─── Recorded information
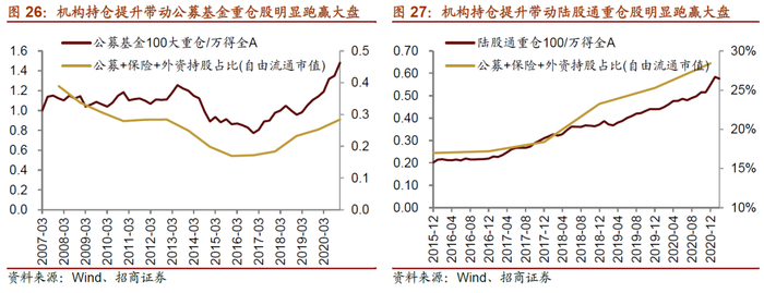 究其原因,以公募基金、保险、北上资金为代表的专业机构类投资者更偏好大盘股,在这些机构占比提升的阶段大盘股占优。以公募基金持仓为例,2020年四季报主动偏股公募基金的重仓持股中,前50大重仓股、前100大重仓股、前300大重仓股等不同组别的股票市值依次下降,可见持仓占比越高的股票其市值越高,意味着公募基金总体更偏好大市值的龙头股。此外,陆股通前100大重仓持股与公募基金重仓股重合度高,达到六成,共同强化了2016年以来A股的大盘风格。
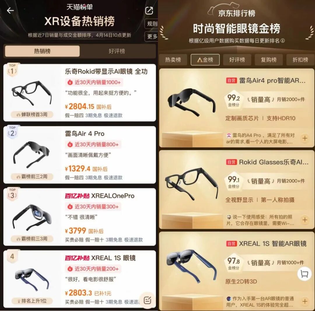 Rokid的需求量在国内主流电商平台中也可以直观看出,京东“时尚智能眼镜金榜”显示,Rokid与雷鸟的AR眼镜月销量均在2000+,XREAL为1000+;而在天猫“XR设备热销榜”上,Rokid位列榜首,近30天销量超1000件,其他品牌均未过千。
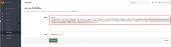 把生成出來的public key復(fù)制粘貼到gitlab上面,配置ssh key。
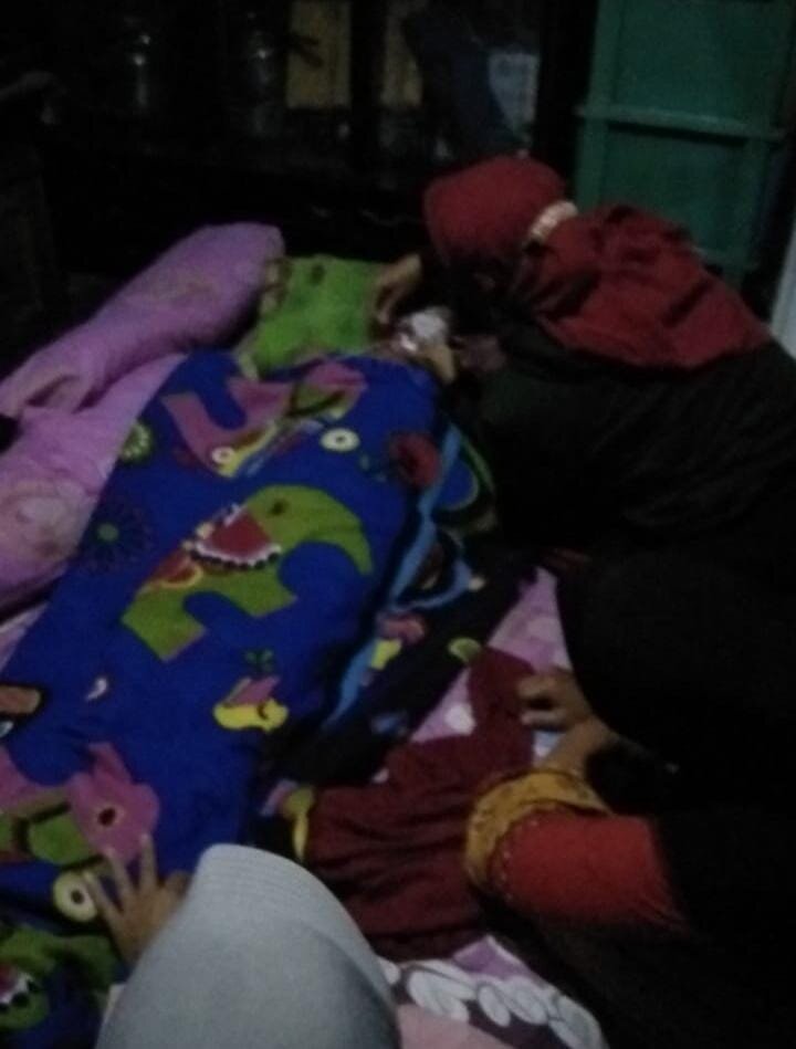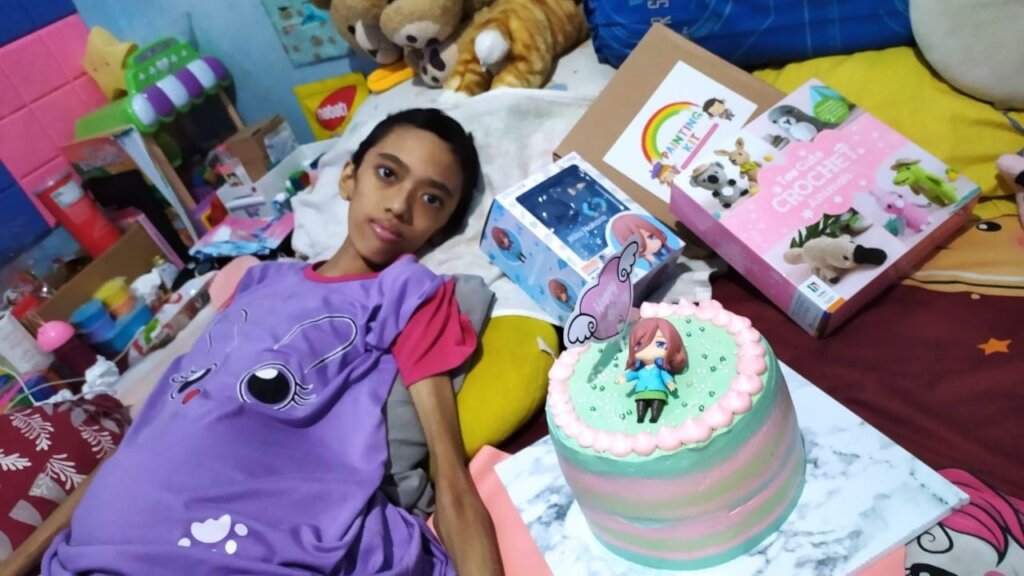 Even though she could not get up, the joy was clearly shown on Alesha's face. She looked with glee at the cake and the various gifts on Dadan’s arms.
──────
● **What you have to do**
Copy the whole of the material above exactly, and exclude every picture.

● **Expected answer**
 究其原因,以公募基金、保险、北上资金为代表的专业机构类投资者更偏好大盘股,在这些机构占比提升的阶段大盘股占优。以公募基金持仓为例,2020年四季报主动偏股公募基金的重仓持股中,前50大重仓股、前100大重仓股、前300大重仓股等不同组别的股票市值依次下降,可见持仓占比越高的股票其市值越高,意味着公募基金总体更偏好大市值的龙头股。此外,陆股通前100大重仓持股与公募基金重仓股重合度高,达到六成,共同强化了2016年以来A股的大盘风格。
 Rokid的需求量在国内主流电商平台中也可以直观看出,京东“时尚智能眼镜金榜”显示,Rokid与雷鸟的AR眼镜月销量均在2000+,XREAL为1000+;而在天猫“XR设备热销榜”上,Rokid位列榜首,近30天销量超1000件,其他品牌均未过千。
 把生成出來的public key復(fù)制粘貼到gitlab上面,配置ssh key。
 Even though she could not get up, the joy was clearly shown on Alesha's face. She looked with glee at the cake and the various gifts on Dadan’s arms.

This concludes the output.